‘Christ’: The Word Christianity Refused to Translate

By the druid Finn

 

Most people assume the word Christ is simply Jesus’ “surname.” It isn’t. In fact, Christos is a Greek word that literally means “the Anointed One.” It’s the direct translation of the Hebrew māšîaḥ — Messiah.

So why is it never translated in the New Testament? Why do English readers never see Jesus called “the Anointed One,” but only ever “Christ”?

The answer is unsettling: the refusal to translate this single word is not an innocent quirk. It is part of the very strategy by which a small Jewish sect became a universal religion.

 

1. The Jewish Meaning

In the Hebrew Bible, anointing was ordinary. Kings, priests, and sometimes prophets were consecrated with oil. Saul, David, Solomon — all were called anointed ones. Even Cyrus, the Persian king, was once called “my anointed.”

The point: “anointed one” was a category, not a unique identity. It signified role and office, not cosmic status.

When the scriptures were translated into Greek, māšîaḥ became christos. Nothing mystical. Nothing new. Just “anointed.”

 

2. Paul’s Takeover

Enter Paul. In his letters, Christos ceases to be a category and becomes fused with Jesus as a name: “Jesus Christ,” “Christ Jesus.”

Paul pushes it further:

·         To be “in Christ” is to enter a new metaphysical condition.

·         Christ becomes cosmic, pre-existent, exalted above all.

·         Adam’s sin (according to Paul’s re-reading of Genesis) condemned everyone, so only Christ could save anyone.

This is not Jewish messianism. This is Paul inventing a new religion — and installing himself as its prophet.

 

3. The Strategic Non-Translation

Here’s where the word game comes in. Translators could have given us “Jesus the Anointed One.” They didn’t. They left Christos as “Christ.”

Why?

·         To disguise Jewish roots. If readers saw “anointed,” they would be reminded of kings, priests, oil, and Torah. Leaving it as “Christ” made it sound exotic, unmoored from Jewish ritual.

·         To brand uniqueness. An “anointed one” suggests many. But “Christ” sounds like a one-and-only.

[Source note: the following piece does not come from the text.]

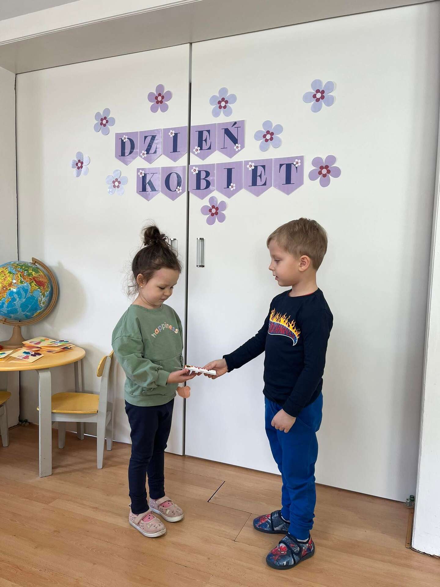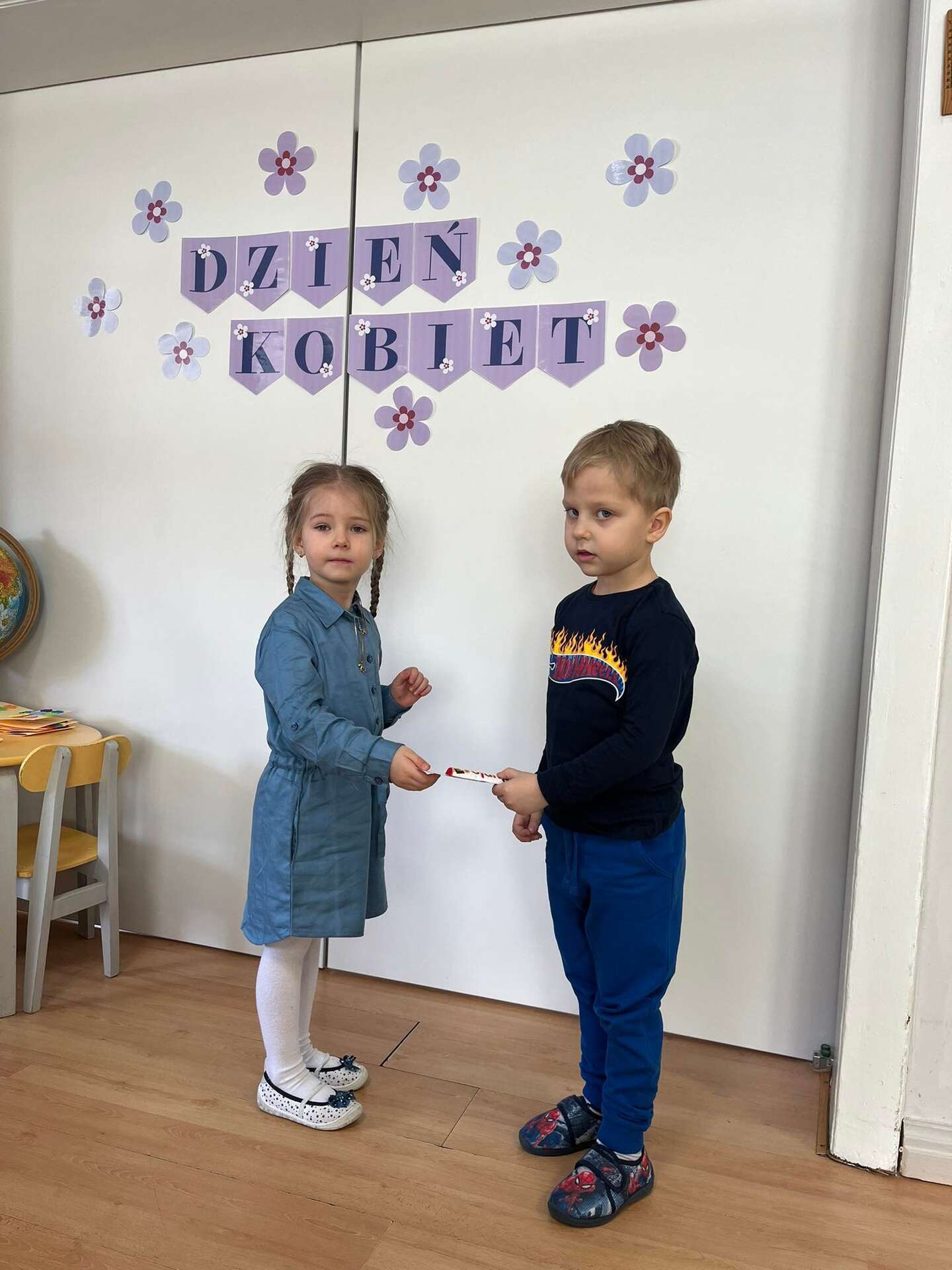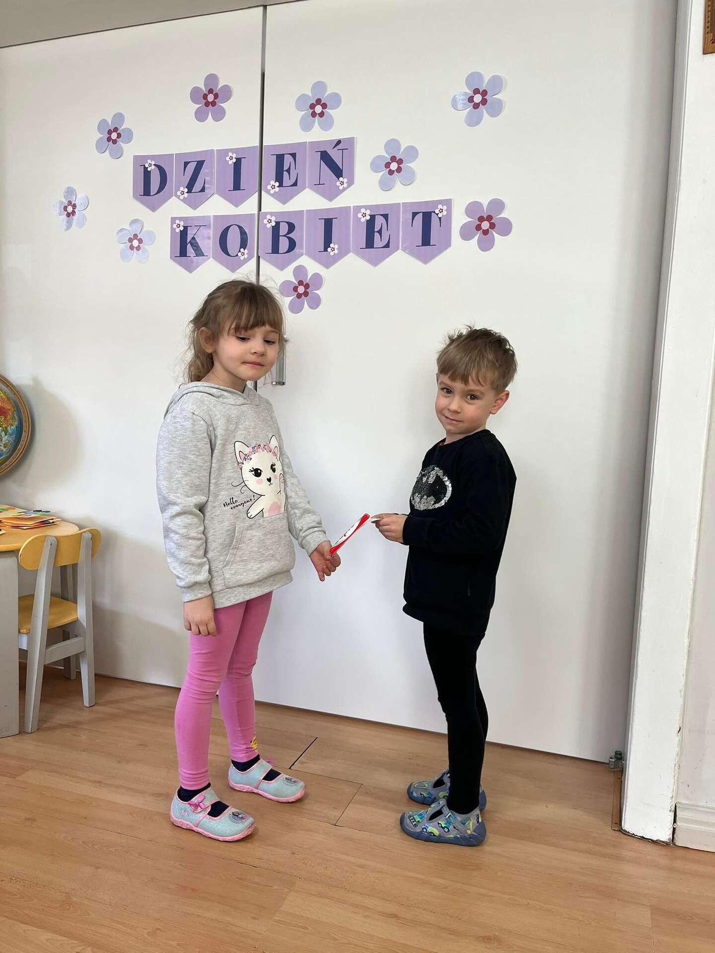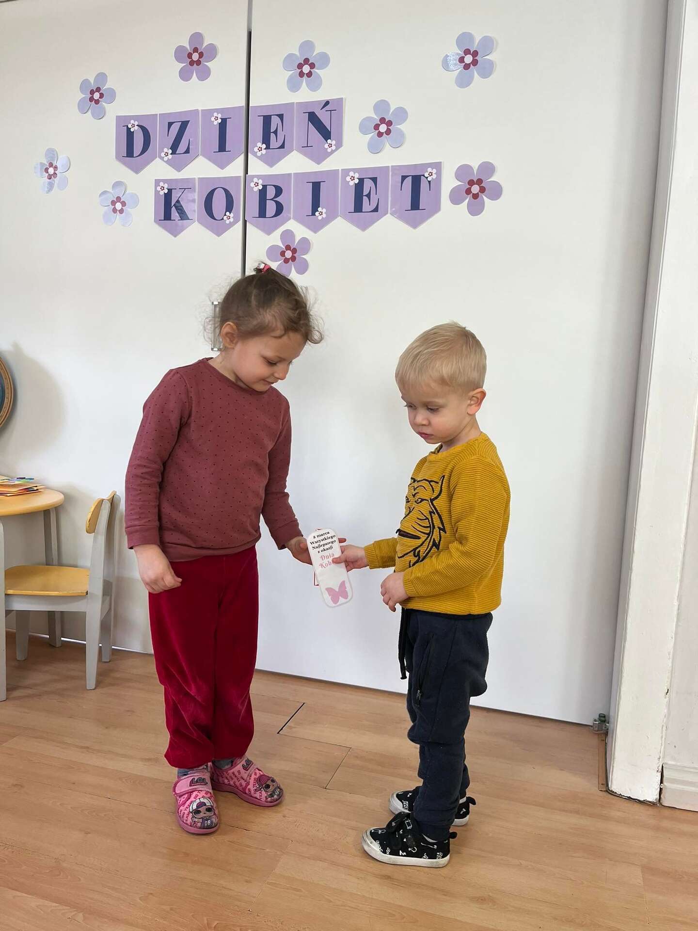 Chłopiec wręcz upominek dziewczynce

·         To sell universality. Gentile converts could embrace “Christ” without awkward questions about anointing rituals.

The result? The most important word in the New Testament became an opaque label, not a transparent title.

 

4. From Sect to Cult

Up until the AD 50 meeting in Jerusalem, followers of Jesus were still an all-Jewish sect. But as Gentiles were admitted, rules bent, and Hellenistic ideas slipped in (immortal soul, afterlife rewards, sin-and-death cosmologies), the sect morphed into a start-up cult.

Paul, brilliant and ruthless, drove the process.

·         He downplayed Torah.

·         He universalized guilt (through Adam).

·         He universalized salvation (through Christ).

·         He rebranded Jesus not as a Jewish messiah but as a cosmic redeemer.

And the untranslated word “Christ” became the logo of this new religious brand.

 

5. Why It Matters

When we read “Christ,” we are not seeing what first-century Jews saw. We are seeing the result of a linguistic sleight of hand. A word that once meant “anointed” has been frozen, untranslated, mystified.

This is why most Christians never realize Jesus was being called by a Jewish political-religious title — one used for kings, priests, even foreign rulers. The word was deliberately lifted out of its Jewish context so it could float free, becoming the name of a universal cult figure.

 

Conclusion

The refusal to translate Christos is not a neutral act of translation. It is part of a cunning rebranding exercise. Paul’s takeover of the Jesus sect depended on it.

Had “Christ” been honestly translated as “the Anointed One,” the Jewish roots would have remained obvious. The role would have stayed historical and political. Instead, “Christ” became a mystical name — the cornerstone of a cult that claimed universal sway.

This is why Finn calls it a linguistic fraud. Not a slip, not an accident, but a deliberate disguise. The most important word in the New Testament was left untranslated to mask its meaning — and to give Paul’s cult the mystique it needed to conquer the world.